P.S: pathCityList is a vector which is assumed to be empty before a call to findShortestPathListBetween is made. At the end of this call, this vector has all the intermediate nodes in it.

Can someone point out where I might be going wrong ?

Answer

Konrad Rudolph picture Konrad Rudolph · Nov 6, 2013

It’s much easier (and more direct) not to iterate over indices but over vertices.
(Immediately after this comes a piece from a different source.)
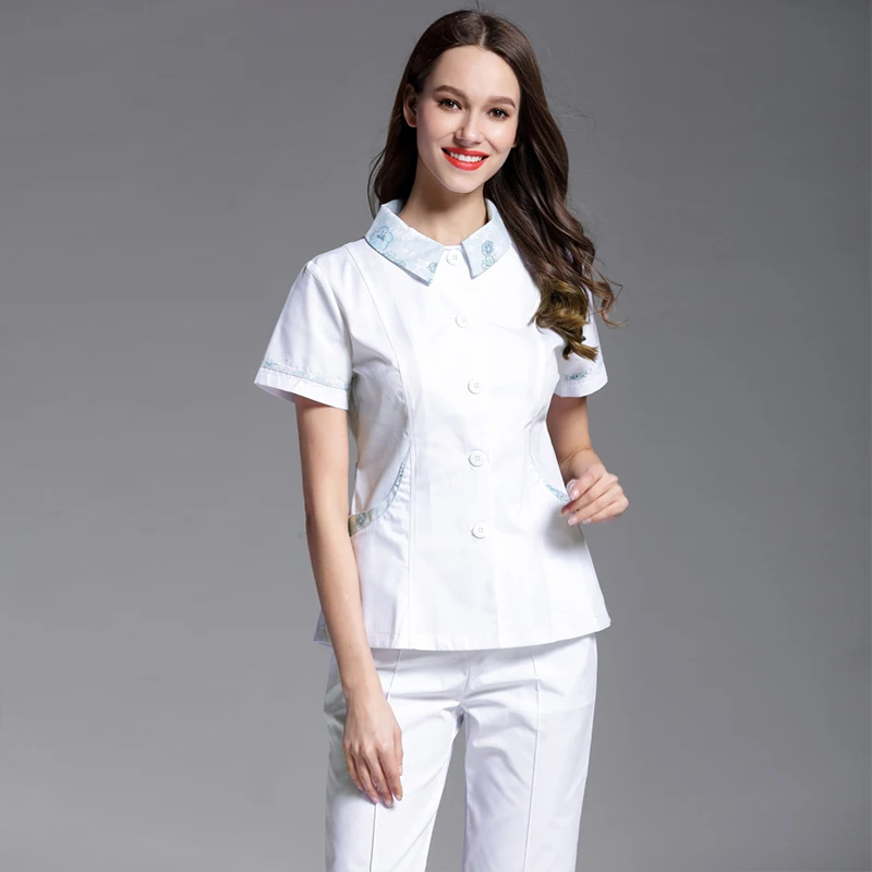 Buying Guide Nursing service party doll collar split suit summer blue flower pharmacy front desk medical beauty salon medical work clothes only $49.24

Furthermore, each predecessor (usually denoted π, not next), needs to point to its, well, predecessor, not the current temporary vertex.

Given a |V|×|V| adjacency matrix dist for the distances, initialised to infinity, and a |V|×|V| adjacency matrix next to with pointers to vertices,

for each vertex v
    dist[v, v] ← 0
for each edge (u,v)
    dist[u, v] ← w(u,v)  // the weight of the edge (u,v)
    next[u, v] ← u

for each vertex k
    for each vertex i
        for each vertex j
            if dist[i, k] + dist[k, j] < dist[i, j] then
                dist[i, j] ← dist[i, k] + dist[k, j]
                next[i, j] ← next[k, j]

Note that I’ve changed the three nested loops to iterate over vertices not indices, and I’ve fixed the last line to refer to the previous node rather than any intermediate node.

An implementation of the above which looks almost like the pseudocode can be found, for instance, in scipy.sparse.csgraph.

Path reconstruction starts at the end (j in the code below) and jumps to the predecessor of j (at next[i, j]) until it reaches i.

function path(i, j)
    if i = j then
        write(i)
    else if next[i, j] = NIL then
        write("no path exists")
    else
        path(i, next[i, j])
        write(j)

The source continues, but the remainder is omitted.